2. Add the rest of the ingredients and toss it in a wok.
3. Season to taste.
4. Top with wasabi peas.
Blue Butterfly Pea Veggie Medley Fried Rice
The classic Chicken fried rice is a favourite but what if you twisted it and elevated it to become a new dish? Tushar Malkani, chef at The Yellow House in Goa's Anjuna says you should make the Blue Butterfly Pea Veggie Medley Fried Rice. He explains, "It is beautifully coloured using Blue Butterfly Pea Powder to turn the classic all-time favorite dish with a delicious colourful gorgeous twist. It is quick and easy to make, customisable with any of your favorite mix-ins, and irresistibly delicious and thus an instant mood lifter. This is one meal your whole family will agree on."

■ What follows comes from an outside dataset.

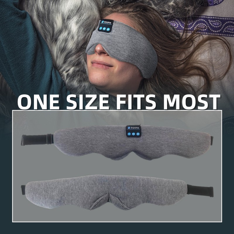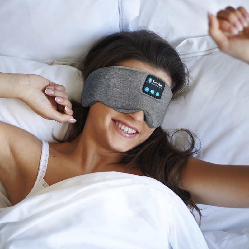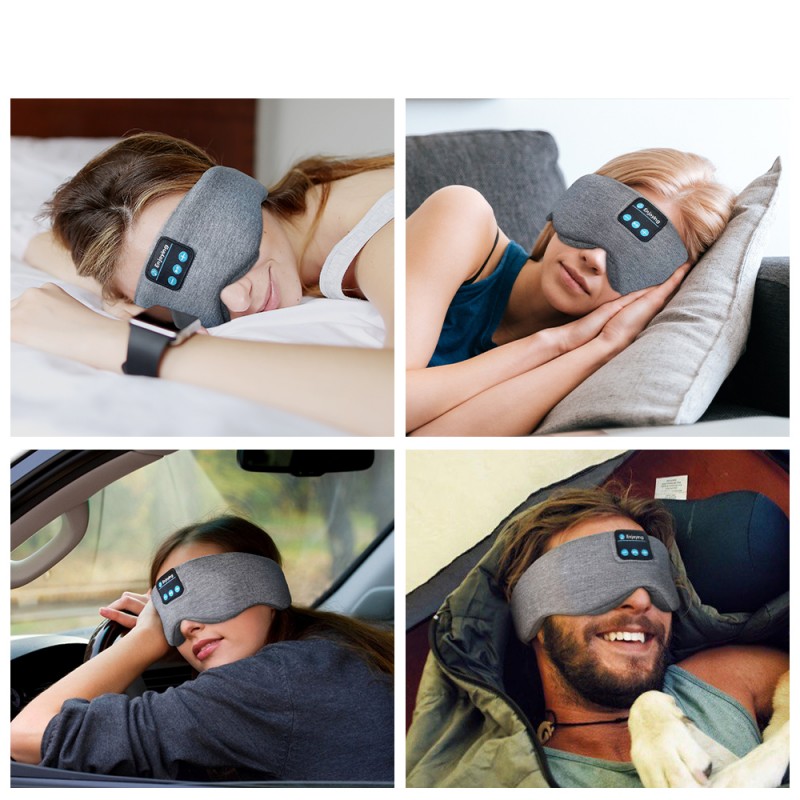سماعات أذن قطنية تعمل بتقنية البلوتوث وقناع العين للنوم باللون الرمادي

Ingredients: (Good for 2-3 Servings):
Uncooked short grain rice 1 cup makes 3 cups cooked
Water 1 cup
Suncore Foods Blue Butterfly Pea Powder 1/4 tsp
Oil 2 tbsp
Salt or to taste 3/4 tsp
Pepper as per requirement
Vegetables use and cut as per your choice
Onion, diced 1 no
Garlic, minced 2 cloves
Corn 1/2 cup
Peas 1/2 cup
Carrots, diced 1/2 cup
Kale, chopped as per requirement
Red bell pepper, diced 1 no
Purple cabbage, chopped 1 cup
Method:
1. Wash rice through running water about 2 to 3 times. In a rice cooker, add the water, washed rice, and blue butterfly pea powder. Leave to cook and then cool for 15 minutes. Cooling the rice prevents it from being too sticky and mushy when stir-frying.
2. In a large pan or skillet, heat 2 tbsp oil. Add the chopped onion and garlic to it. Saute until cooked through and garlic is lightly brown. Add the rest of the vegetables. Season with 3/4 tsp salt, or to taste and some pepper. Mix in the cooled rice.
3. Leave to cook for 3 to 4 minutes over medium high heat. Serve and enjoy.